- [THE PROBLEM]:
Each line from the opening of the material through the line holding "This is our" needs to be returned exactly, with the pictures left out.

- [ENTRIES SHOWN]:
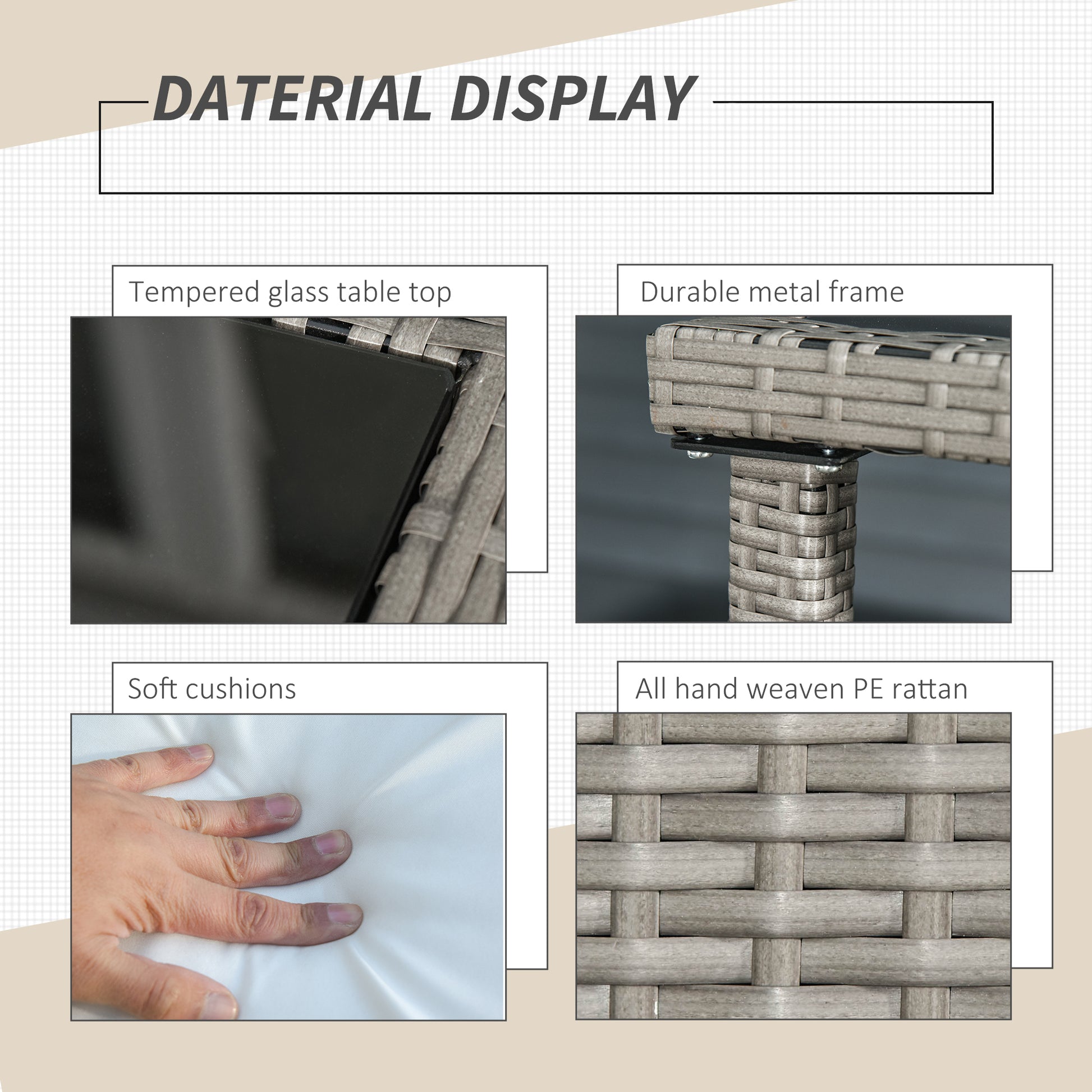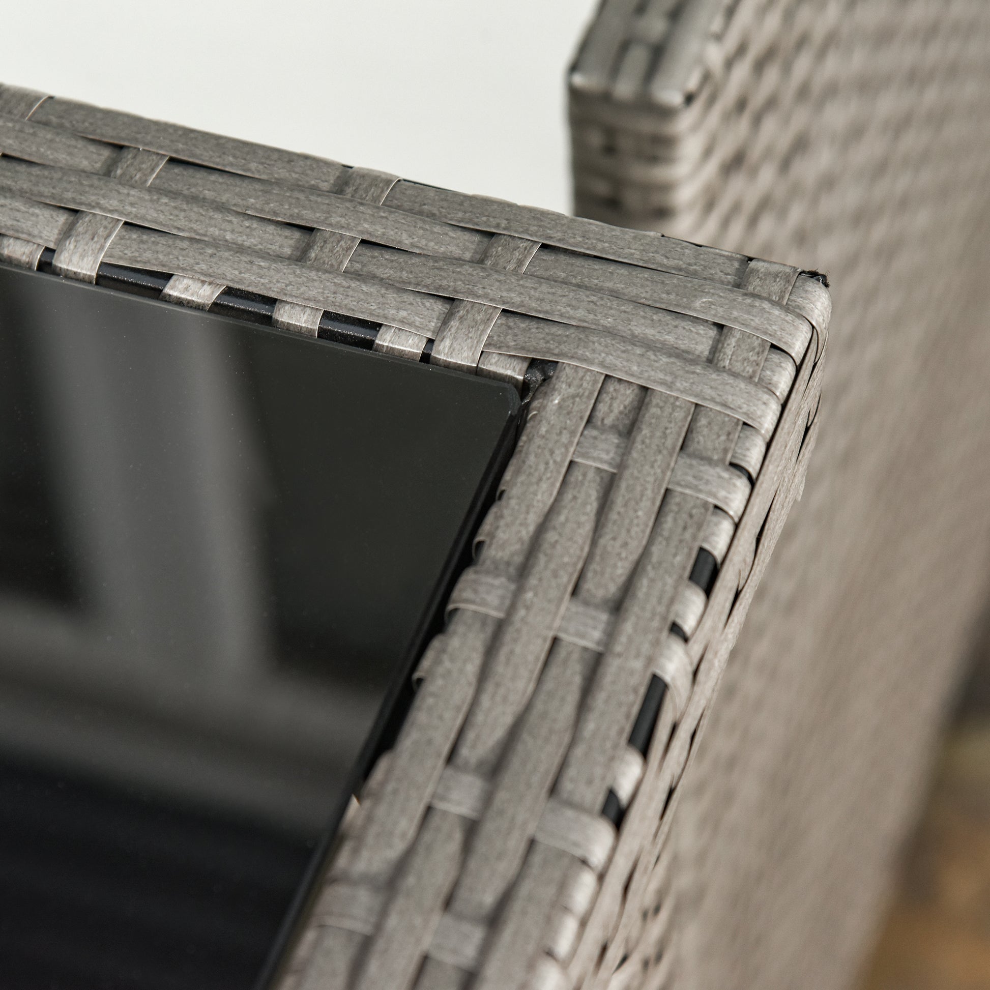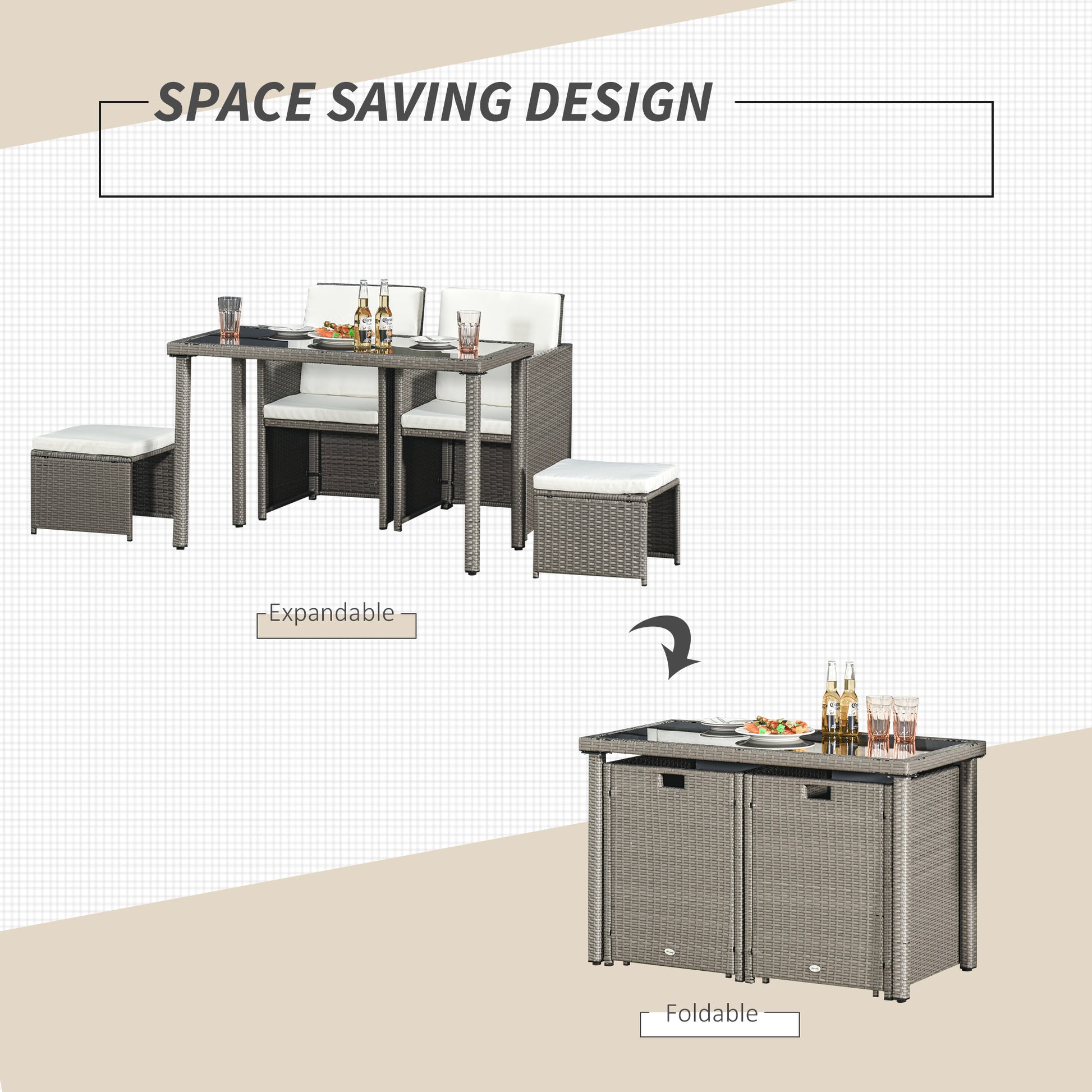 Outsunny 4-Seater Rattan Garden Furniture Space-saving Wicker Weave Sofa Set Conservatory Dining Table Table Chair Footrest Cushioned Grey
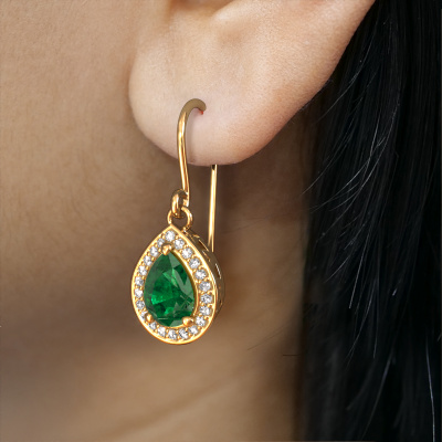 This is our set of trendy Beverlee 1 drop earrings. In this example the drop earrings are set with pear emerald. Each of our emeralds gemstones is carefully selected and positioned in your drop earrings with great precision so light hits the emerald from every angle. We believe these drop gold drop earrings look best set with colored gemstones. But that is entirely up to you. Our goldsmiths passionately create your customized drop earrings to your liking with the utmost care. The gold set drop earrings, as shown here, can be customized using our online tool. Feel free to ask our jewel designers for assistance if you want changes made which are unavailable in our online tool. We are happy to answer your questions.After receiving your order, our goldsmiths will passionately start the creative process of making your drop earrings in our own studio. Because we don't have a big stockpile, these costs will not be passed on to you. Our pricing is proof of that! We offer top quality jewels at lowest price, guaranteed.To make it easier for you, we offer a 30 day return policy. Check our terms and conditions.
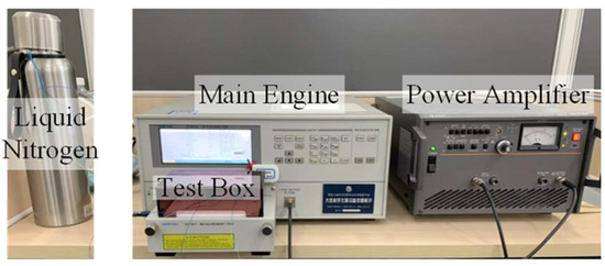 In order to explore the applicability of the stator materials of the cryogenic permanent magnet motor for the LNG pump, four kinds of silicon steel sheets were selected for ultra-low-temperature characteristic experiments. The experimental instrument was the SY-8258 hysteresis-loop measurement instrument. In order to compare the influence of ultra-low-temperature environments on the characteristics of silicon steel sheets, the four kinds of silicon steel sheets were tested at room temperature and ultra-low temperature. The room-temperature experiment was completed in a room-temperature environment of 20 °C and the ultra-low-temperature experiment was completed in a liquid nitrogen environment of −196 °C. The experimental equipment at room temperature and ultra-low temperature are shown in Figure 1 and Figure 2. Two copper wires were wound around the silicon steel sheet samples, which respectively served as the primary coil and the secondary coil. During the room-temperature experiment, the silicon steel sheet sample was placed in the test box and connected to the test box by copper wire. During the ultra-low-temperature experiment, the silicon steel sheet sample was completely immersed in liquid nitrogen for 1 h until it was stable and connected to the test box by the copper wire wound around the sample. During the test, the sample was placed in a liquid nitrogen container, which needed to be as closed as possible to prevent the rapid volatilization of the liquid nitrogen when in contact with air, which would have affected the test results [10].
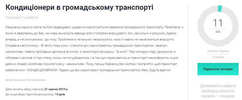 Справа в наступному: В теплу пору року і спекотні дні користуватись громадським транспортом - взагалі неможливо. Навіть проїхавши декілька зупинок, з транспорту виходиш – «в милі». Про холодну пору, зрозуміло, є обігрівачі салонів. А про спеку, якось не потурбувались, і в такі дні пересуватись в транспорті некомфортно, а для деяких людей, особливо похилого віку – неможливо. Тому, прошу Керівництво містом, посприяти, щоб транспорт забезпечили – кондиціонерами. Гадаю, що всі користувачі громадським транспортом, Вам, будуть вдячні», – йдеться в петиції Олега Ковальчука.
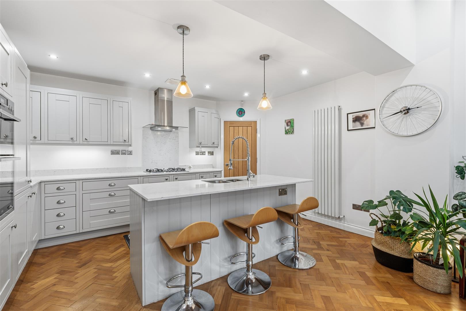 At its heart is an impressive open-plan kitchen, dining and family room with marble worktops, bespoke cabinetry, central island with inset sink, and seamless garden access, complemented by a utility room, guest WC and excellent storage.
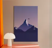 Questa interpretazione minimalista del K2 ne cattura l'imponente maestosità sotto un morbido cielo pastello. Un singolo uccello si libra in volo, aggiungendo un tocco di vita e libertà all'ambiente sereno e incontaminato. Le cime spigolose sono rappresentate con sottili sfumature, che esaltano l'imponenza della montagna e il suo fascino senza tempo. La composizione semplicistica ma audace evoca sentimenti di solitudine e armonia con la natura, rendendo questo pezzo un simbolo perfetto di avventura tranquilla e di esplorazione senza confini.
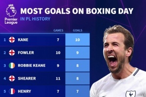 體育資訊12月25日訊 德國轉(zhuǎn)會市場統(tǒng)計了球員節(jié)禮日(12月26日)在英超的進球數(shù)量,并列出英超歷史節(jié)禮日進球榜,凱恩10球居首,福勒9球次席。
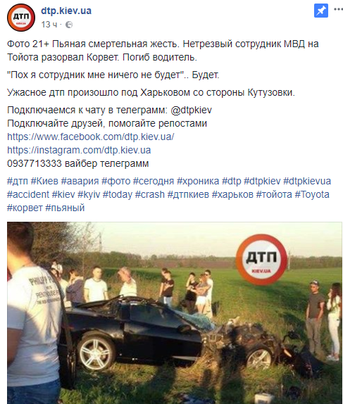 "Фото 21+ Пьяная смертельная жесть. Нетрезвый сотрудник МВД на Тойота разорвал Корвет. Погиб водитель", - говорится в сообщении ресурса dtp.kiev.ua в Facebook.
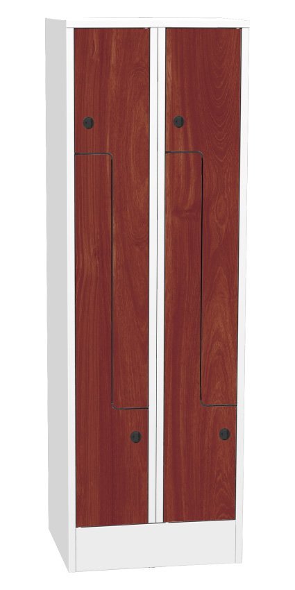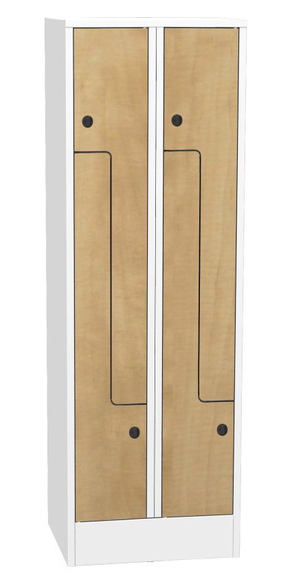 Dvojdverová kovová šatníková skrinka delená, šírka 300, výška 1850, hĺbka 500 mm. Kovový korpus vo farbe svetlosivej RAL 7035, dvere lamino v dezénu buk, breza alebo čerešňa. Cylindrický zámok s dvoma kľúčmi alebo uzáver pre visací zámok.
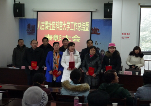 为总结工作,表彰先进,推动社区科普大学更好开展,1月14日上午9点30分,八古墩社区举办了社区科普大学教学点工作总结暨表彰会。区科协、唐家墩街领导及科普大学的教师和学员共计40余人参加了总结表彰会。
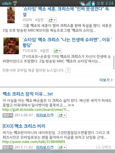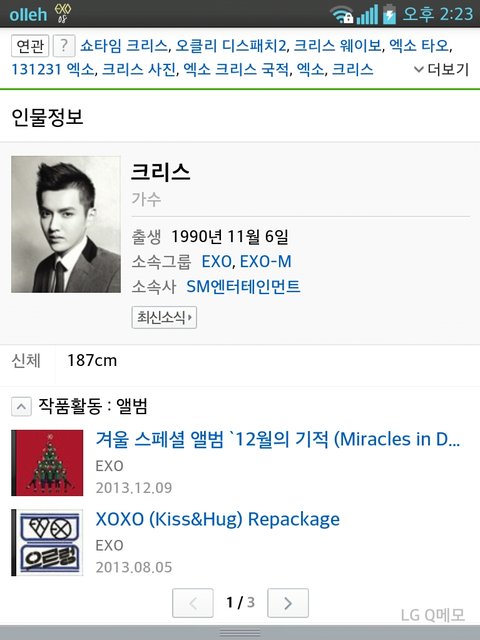 그래서 저도 크리스라고 치면 다른 동명이인. 크리스마스 등등의 원치 않는 검색어결과가 나와서 엑소 크리스라고 쳤습니다 (모바일에서)
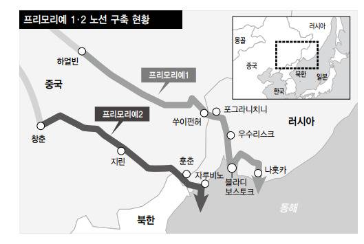 프리모리예 1과 2는 중국 동북3성과 러시아 연해주를 철도, 자동차도로, 항만 등으로 잇는 해륙복합운송루트를 일컫는 이름이다. 프리모리예 1은 ‘중국 하얼빈~쑤이펀허~러시아 포그라니치니(그로데코보)~블라디보스토크·나홋카·보스토치니항’으로, 프리모리예 2는 ‘중국 창춘~지린~훈춘~러시아 크라스키노~포시예트·자루비노항’으로 구성된다. 아직은 일부 구간만 완성된 상태다.
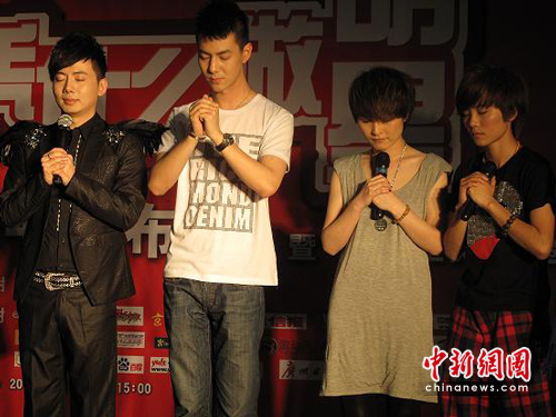 左起陈子嘟、张殿菲、厉娜、许飞现场为玉树灾区祈福。
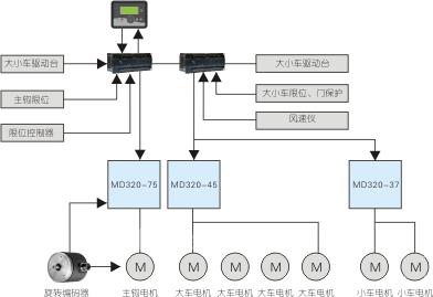 大車電機(jī)為8極電機(jī)-7.5KW,大車變頻器型號(hào)為MD320T-45KW;
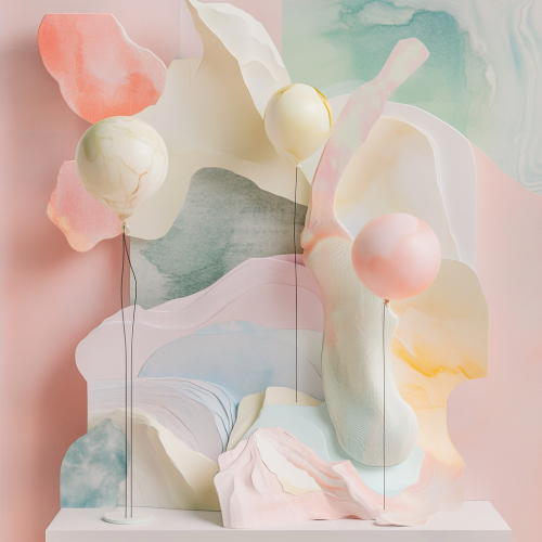 Design a portfolio cover for Elaine Lo, an aspiring design student applying to art schools like Parsons and Art Center. Create a soft, dreamy 3D mixed-media cover using gentle watercolor textures blended with pastel colors. Incorporate floating, semi-translucent 3D balloon models that add a light, playful dimension. Arrange abstract shapes and layered elements with fluid gradients and organic curves, maintaining an ethereal, modern feel. The cover should evoke creativity and elegance without any human faces, emphasizing a gentle, imaginative aesthetic
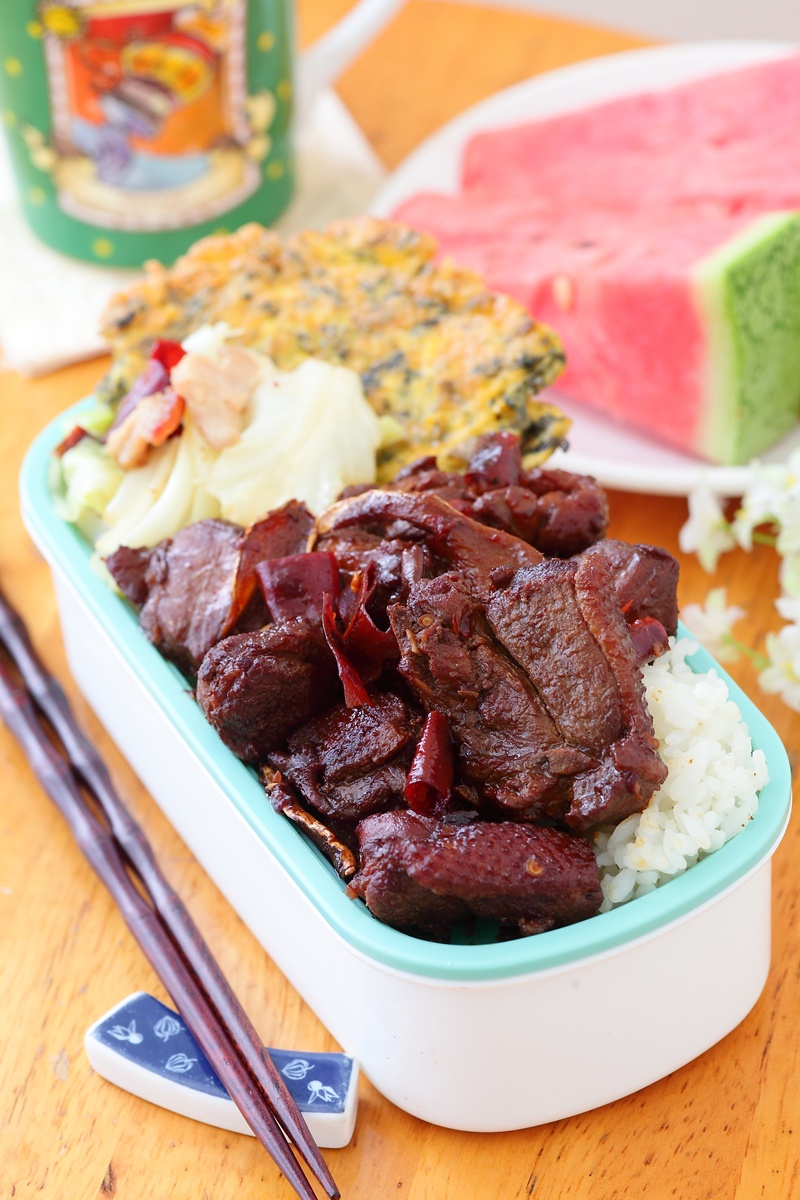 少许油热锅,姜片入油锅以中火炒香30秒,之后放入干辣椒、鸭肉,以中火翻炒至鸭肉变色。
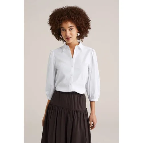 Je garderobe een frisse update geven gaat moeiteloos met deze WE Fashion blouse dames. De blouse heeft een regular fit en een klassieke kraag, waardoor het model netjes valt, maar toch relaxed oogt. De knoopsluiting over de hele lengte maakt aan- en uittrekken eenvoudig, terwijl de driekwart ballonmouwen met plooien zorgen voor een modern, vrouwelijk silhouet. Door de stretch in de stof beweegt de blouse prettig met je mee, zowel tijdens een werkdag als in je vrije tijd.Details die elke dag kloppen Regular fit voor een comfortabele, niet te strakke pasvorm Klassieke kraag en knoopsluiting voor een verzorgde uitstraling Driekwart ballonmouwen met plooien voor een eigentijdse look Gemaakt van 97% katoen en 3% elastaan voor lichte stretch Effen kleur, makkelijk te combineren met jeans, rok of pantalon Geen borstzakken voor een rustige, strakke voorkantEenvoudig combineren van kantoor tot casualDeze blouse past bij veel momenten op de dag. Naar je werk onder een blazer of vest, in het weekend op een ontspannen jeans, of netjes in een pantalon voor een etentje. De driekwart mouwen geven lucht en ruimte, terwijl de ballonvorm net dat beetje extra geeft aan een simpele outfit.WE Fashion, dagelijks draagbare stijlWE Fashion staat bekend om kleding die goed aansluit bij het dagelijks leven, met aandacht voor pasvorm, comfort en een moderne uitstraling. Deze blouse is daar een goed voorbeeld van: gemakkelijk te dragen, makkelijk te combineren en geschikt voor veel gelegenheden.Een stijlvolle basis waar je het hele seizoen plezier van hebt.
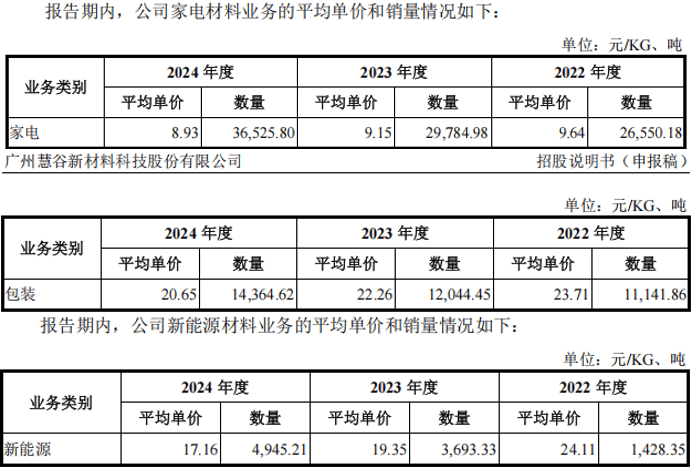 然而剥开这层光鲜外衣,发现其增长很大程度上是靠“以价换量”实现的。2022-2024年间,慧谷新材的主要产品价格全线下降。

- [ANSWER BOX]:
 Outsunny 4-Seater Rattan Garden Furniture Space-saving Wicker Weave Sofa Set Conservatory Dining Table Table Chair Footrest Cushioned Grey
 This is our set of trendy Beverlee 1 drop earrings. In this example the drop earrings are set with pear emerald. Each of our emeralds gemstones is carefully selected and positioned in your drop earrings with great precision so light hits the emerald from every angle. We believe these drop gold drop earrings look best set with colored gemstones. But that is entirely up to you. Our goldsmiths passionately create your customized drop earrings to your liking with the utmost care. The gold set drop earrings, as shown here, can be customized using our online tool. Feel free to ask our jewel designers for assistance if you want changes made which are unavailable in our online tool. We are happy to answer your questions.After receiving your order, our goldsmiths will passionately start the creative process of making your drop earrings in our own studio. Because we don't have a big stockpile, these costs will not be passed on to you. Our pricing is proof of that! We offer top quality jewels at lowest price, guaranteed.To make it easier for you, we offer a 30 day return policy. Check our terms and conditions.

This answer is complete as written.